▶ _Dataset excerpt_:
────

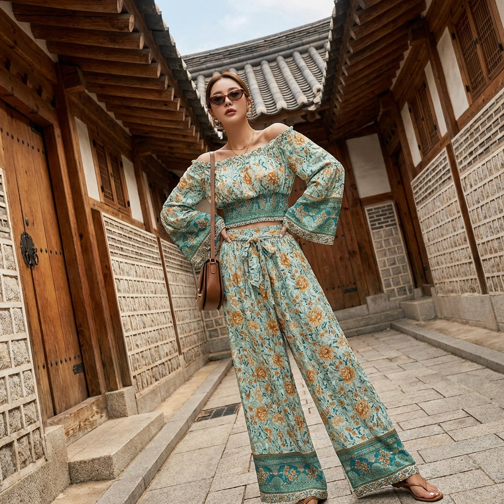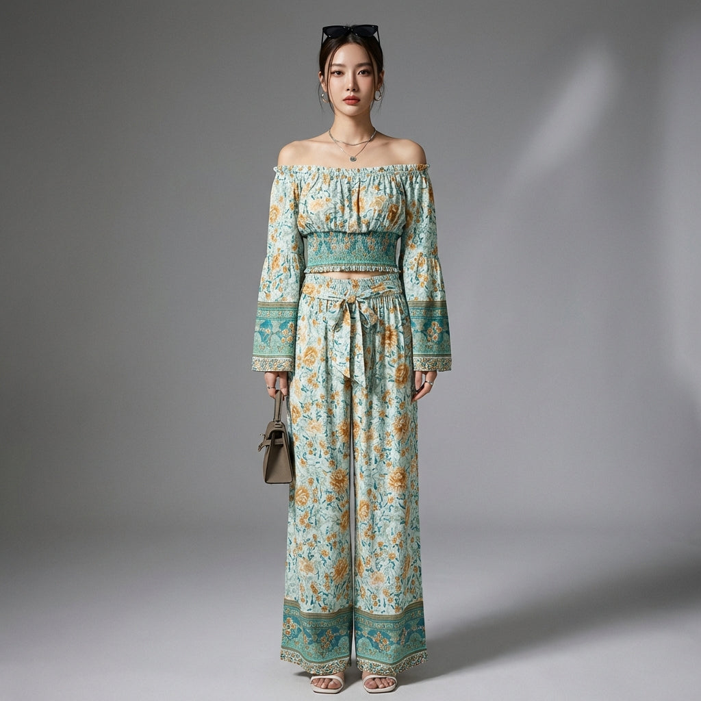 Adopta un look casual y chic con este conjunto de dos piezas, perfecto para la mujer moderna. Se compone de un top de manga larga de algodón con estampado vintage y un pantalón de cintura alta de pierna ancha de rayón, ¡ofreciendo comodidad y elegancia para todas tus ocasiones! 🌸
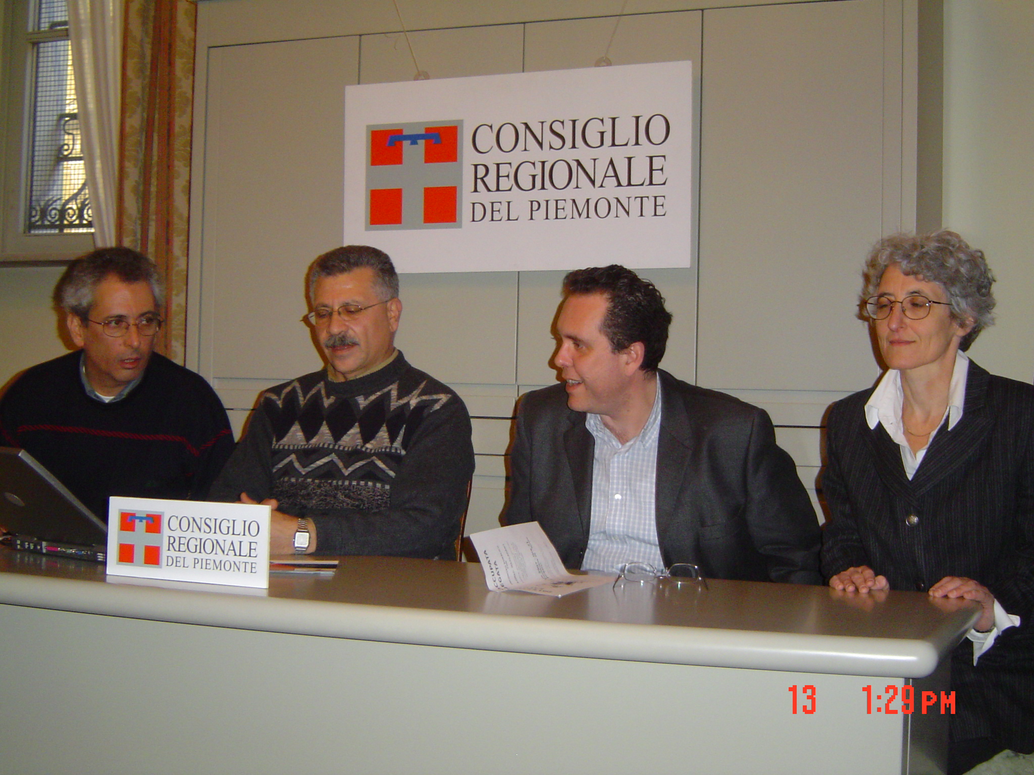 A colour photograph of Ahmad al-Maslamany's participation during a lecture; held by the Regional Council in Piedmont, Italy.
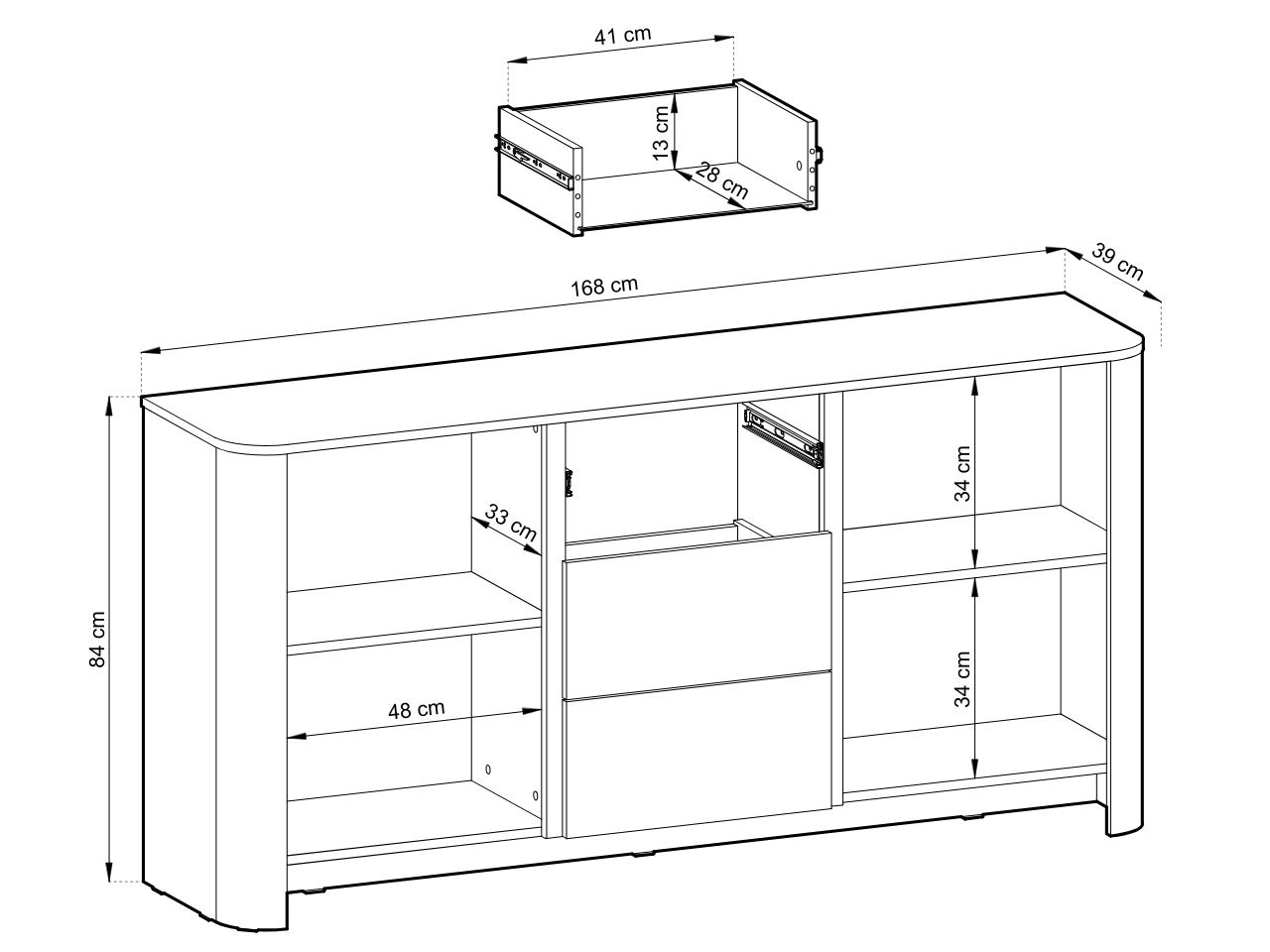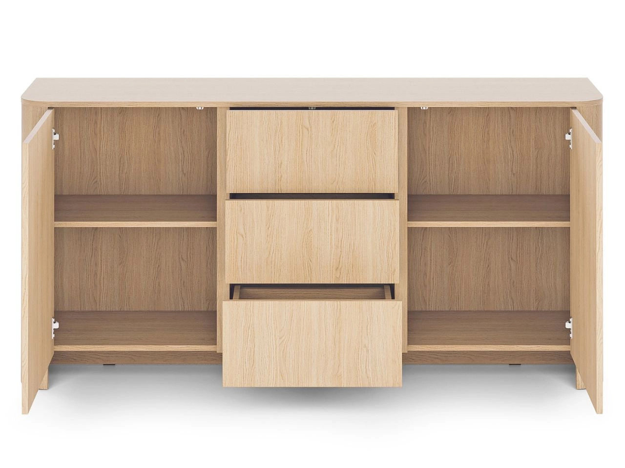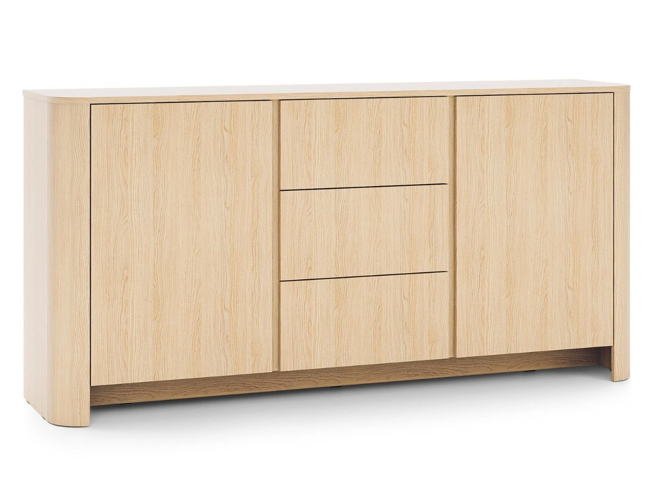 Komoda z szufladami Brillo to nowoczesna komoda do salonu, która łączy funkcjonalność z eleganckim designem, świetnie sprawdzając się również jako komoda do sypialni czy stylowe wyposażenie przedpokoju. Dwa fronty ukrywające pojemne półki oraz trzy praktyczne szuflady oferują wiele miejsca na przechowywanie, dzięki czemu łatwo utrzymasz porządek w codziennym użytkowaniu. Zastosowany system push to open zapewnia wygodne, lekkie i ciche otwieranie, nadając meblowi minimalistyczny wygląd pozbawiony uchwytów — idealny dla osób ceniących nowoczesne meble do salonu.

────

▶ _Description of the task_: Return a verbatim transcription of the data, omitting all images.

▶ _Response to the exercise_:
 Adopta un look casual y chic con este conjunto de dos piezas, perfecto para la mujer moderna. Se compone de un top de manga larga de algodón con estampado vintage y un pantalón de cintura alta de pierna ancha de rayón, ¡ofreciendo comodidad y elegancia para todas tus ocasiones! 🌸
 A colour photograph of Ahmad al-Maslamany's participation during a lecture; held by the Regional Council in Piedmont, Italy.
 Komoda z szufladami Brillo to nowoczesna komoda do salonu, która łączy funkcjonalność z eleganckim designem, świetnie sprawdzając się również jako komoda do sypialni czy stylowe wyposażenie przedpokoju. Dwa fronty ukrywające pojemne półki oraz trzy praktyczne szuflady oferują wiele miejsca na przechowywanie, dzięki czemu łatwo utrzymasz porządek w codziennym użytkowaniu. Zastosowany system push to open zapewnia wygodne, lekkie i ciche otwieranie, nadając meblowi minimalistyczny wygląd pozbawiony uchwytów — idealny dla osób ceniących nowoczesne meble do salonu.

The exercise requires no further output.